DATA SHOWN =>
######
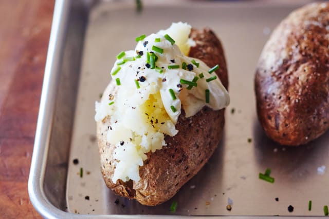 No matter which method you choose to use, be sure to wash the potato and prick it all over with a fork. Forgetting that crucial pricking step will result in a spud grenade in your oven — pricking the skin lets the steam inside the cooking potato escape without this risk of bursting.
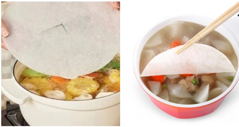 Mẹo vớt váng mỡ trong nồi canh bằng màng bọc thực phẩm
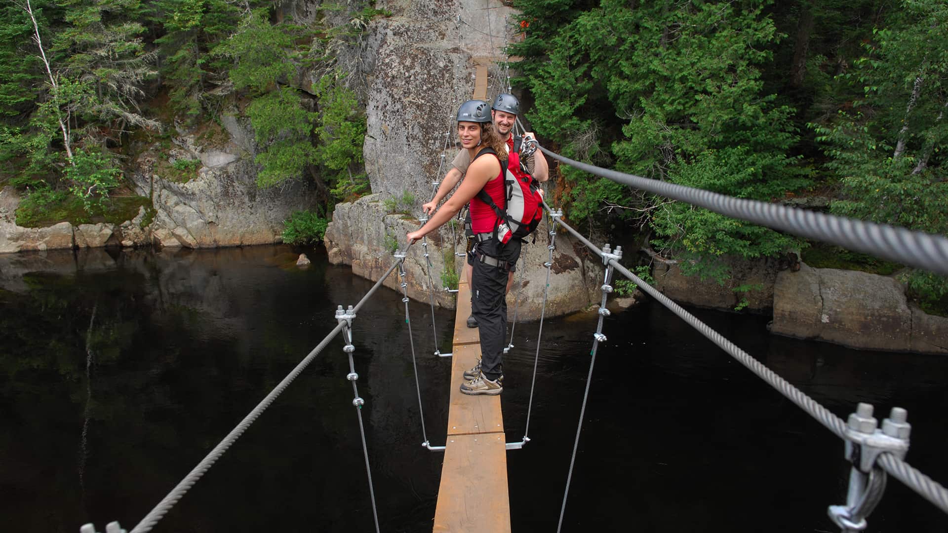 Located in Mont-Tremblant park, our Via Ferrata Laurentides in Mont-Tremblant promises to be full of surprises! No rock climbing experience is necessary to experience our Via ferrata in Laurentides. A brief course will help you learn the basics of via ferrata before tackling the trail. Clipped into a steel cable that runs the length of the cliff, you will cross a challenging face with built-in steps, handles, beams and various types of bridges while overlooking the meandering Diable River far below. Expect some physical exertion.
######
THE PROBLEM =>
Return all of the material precisely as written. No picture belongs in it.

RESPONSE BELOW =>
 No matter which method you choose to use, be sure to wash the potato and prick it all over with a fork. Forgetting that crucial pricking step will result in a spud grenade in your oven — pricking the skin lets the steam inside the cooking potato escape without this risk of bursting.
 Mẹo vớt váng mỡ trong nồi canh bằng màng bọc thực phẩm
 Located in Mont-Tremblant park, our Via Ferrata Laurentides in Mont-Tremblant promises to be full of surprises! No rock climbing experience is necessary to experience our Via ferrata in Laurentides. A brief course will help you learn the basics of via ferrata before tackling the trail. Clipped into a steel cable that runs the length of the cliff, you will cross a challenging face with built-in steps, handles, beams and various types of bridges while overlooking the meandering Diable River far below. Expect some physical exertion.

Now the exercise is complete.